If the “optimal” solution to portfolio allocation is a moving target with multiple approaches to calculating it, many of which involve a great deal of complexity, then electing a “good-enough” solution might be more satisfactory. The cost to become conversant in the technical details necessary to understand some of the solutions, let alone compile all the data necessary, could be prohibitive. Of course, if you’re a fund manager being paid to outperform (i.e., beat everyone else trying to beat you), then it behooves you to seek out these arcane solutions if your commpetitors are apt to use them too.

This discussion explains, in part, why the “simple” 1/n or 60/40 stock/bond portfolios are so popular. The exercise of mean-variance optimization and all its offshoots may simply be too much effort if the answers it gives aren’t dramatically better than a simplified approach. But it would be wrong to lay the blame for poor results or uncertainty on MVO: financial markets have way more noise than signal.

In pursuit of the signal, our next posts will look at the “simple” portfolios and see what they produce over multiple simulations relative to the satisfactory and optimal portfolios we’ve already discussed. If you think this blog is producing more noise than signal or vice versa, we want to know! Our email address is after the R and Python code below.

R code:

# Written in R 3.6.2
# Code for any source('function.R') is found at the end.

## Load packages
suppressPackageStartupMessages({
  library(tidyquant)
  library(tidyverse)
  library(quadprog)
})

## Load data
df <- readRDS("port_const.rds")
dat <- readRDS("port_const_long.rds")
sym_names <- c("stock", "bond", "gold", "realt", "rfr")

## Call simuation functions
source("Portfolio_simulation_functions.R")

## Run simulation
set.seed(123)
port_sim_1 <- port_sim(df[2:61,2:5],1000,4)

## Graph
port_sim_1$graph +
  theme(legend.position = c(0.05,0.8), legend.key.size = unit(.5, "cm"), 
        legend.background = element_rect(fill = NA))

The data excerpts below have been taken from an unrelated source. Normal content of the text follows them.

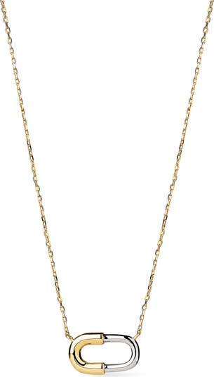 Understated shine defines this layer-friendly necklace featuring a small two-tone pendant beaming with 14-karat-gold plate and rhodium plate.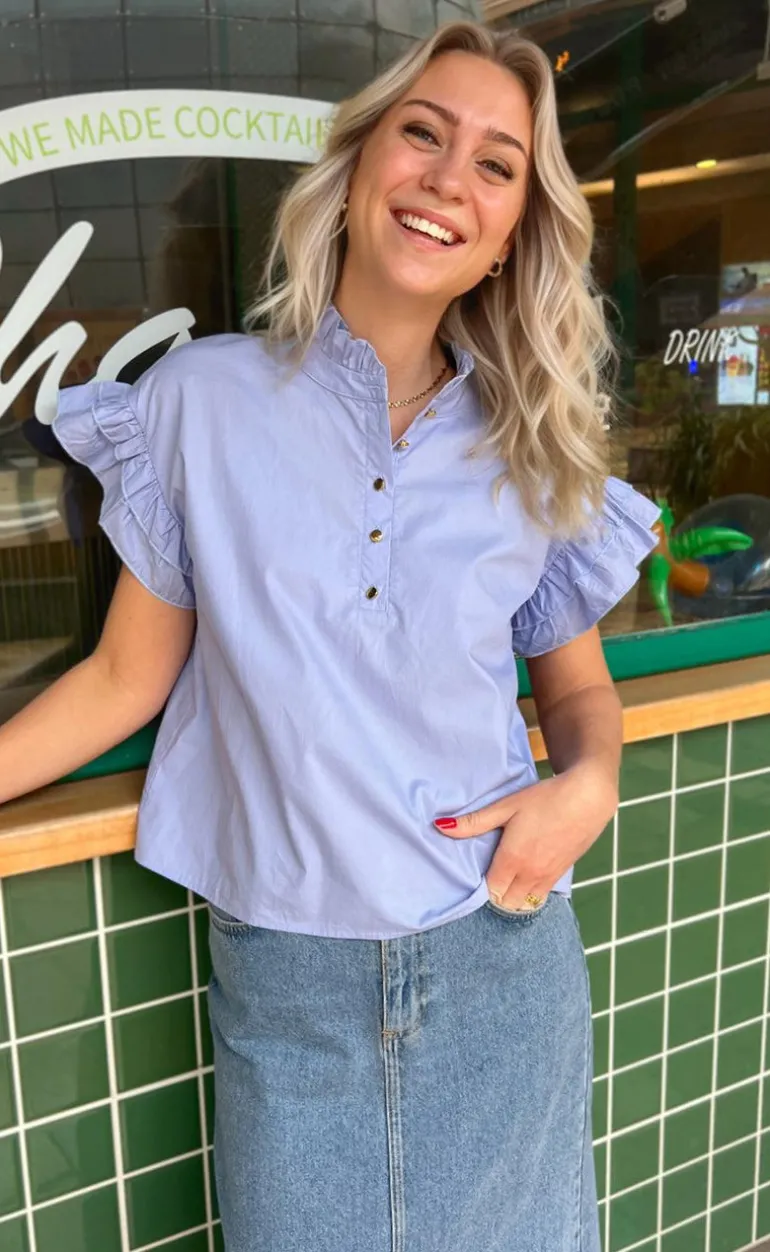Toppen har de fineste flæse-ærmer og en åbning fortil med guld knapper.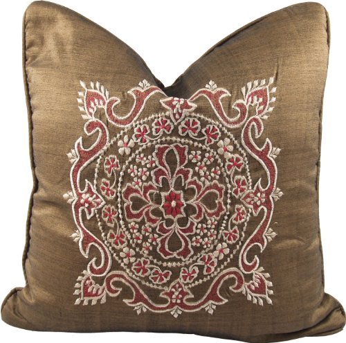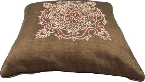 GURU SHOP Bestickte Kissenhülle, Kissenbezug – Mandala Bali Braun, Synthetisch, 40x40x0,5 cm, Zierkissen, Dekokissen, Sofakissen
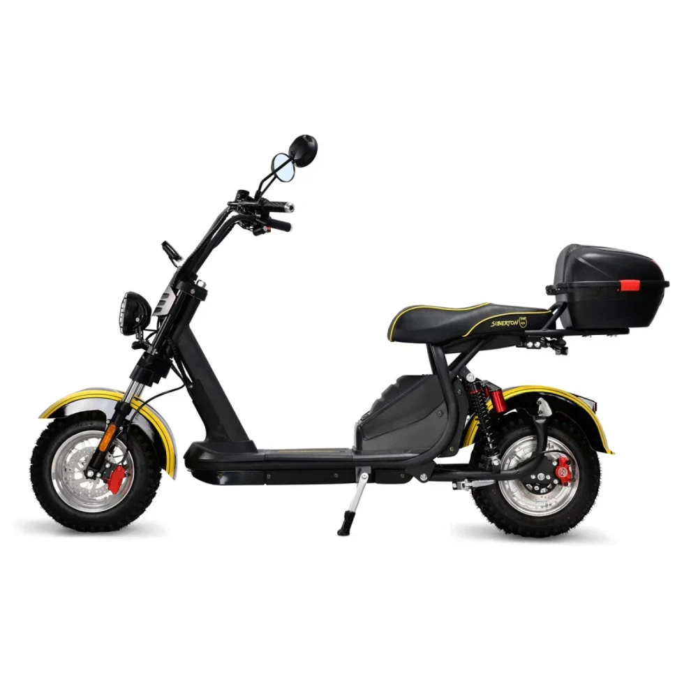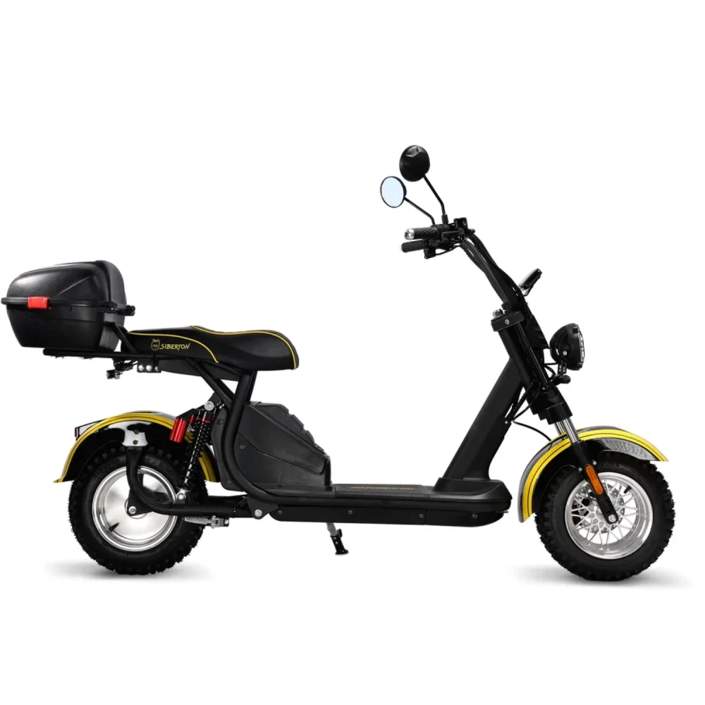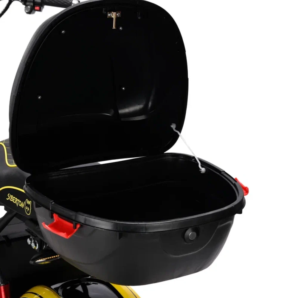 Электроскутер Siberton PRO – это современное средство передвижения, сочетающее в себе надежность, мощность и продуманный дизайн. Каркас выполнен из высококачественной стали, что гарантирует долговечность и устойчивость даже при интенсивной эксплуатации в городских условиях. Благодаря этому электроскутер демонстрирует оптимальный баланс между прочностью и весом, составляющим всего 75,6 кг, что обеспечивает удобство в управлении и транспортировке.С максимальным запасом хода до 60 км на одном заряде устройство позволяет уверенно преодолевать городские маршруты, а также совершать более длительные поездки, при условии благоприятных погодных условий и равнинного рельефа. Под капотом модели находится мощный двигатель мощностью 2500 W, который в сочетании с Li-ion аккумулятором (21 Ah, 60 V) обеспечивает динамичное ускорение и стабильную работу в любых условиях. Полная зарядка занимает около 7 часов, что позволяет быстро вернуть электроскутер в строй после использования.Для безопасности и комфорта предусмотрена современная дисковая гидравлическая тормозная система, обеспечивающая быстрый и надежный отклик при экстренных ситуациях. Электроскутер оборудован надежными 10-дюймовыми колесами, что в сочетании с клиренсом в 21 см способствует преодолению неровностей дороги и обеспечивает устойчивость на различных покрытиях.Дополнительное оснащение включает поворотники и сигнализацию, что значительно повышает безопасность на дорогах, а специально разработанная подвеска – с масляными амортизаторами спереди и комбинированной масляно-пружинной системой сзади – гарантирует плавное и комфортное движение даже по неровным дорогам. Современные габариты и продуманная комплектация делают Siberton PRO идеальным выбором для активных пользователей, ценящих комфорт, мощь и высокую технологичность в одном устройстве.
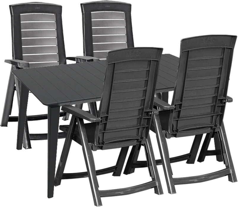 Sehr praktisches Gartenmöbel-Set bestehend aus vier verstellbaren Stühlen und einem Tisch. Geeignet für geschützte Gärten, unter Terrassendächern und dergleichen.

## Run selection function and graph 
results_1 <- port_select_func(port_sim_1, 0.07, 0.1, sym_names[1:4])
results_1$graph


# Create satisfactory portfolio
satis_ret <- sum(results_1$port_wts*colMeans(df[2:61, 2:5]))
satis_risk <- sqrt(as.numeric(results_1$port_wts) %*% 
                     cov(df[2:61, 2:5]) %*% as.numeric(results_1$port_wts))
port_satis <- data.frame(returns = satis_ret, risk = satis_risk)

# Graph with simulated
port_sim_1$graph +
  geom_point(data = port_satis, 
             aes(risk*sqrt(12)*100, returns*1200), 
             size = 4, 
             color="red") +
  theme(legend.position = c(0.05,0.8), legend.key.size = unit(.5, "cm"), 
        legend.background = element_rect(fill = NA))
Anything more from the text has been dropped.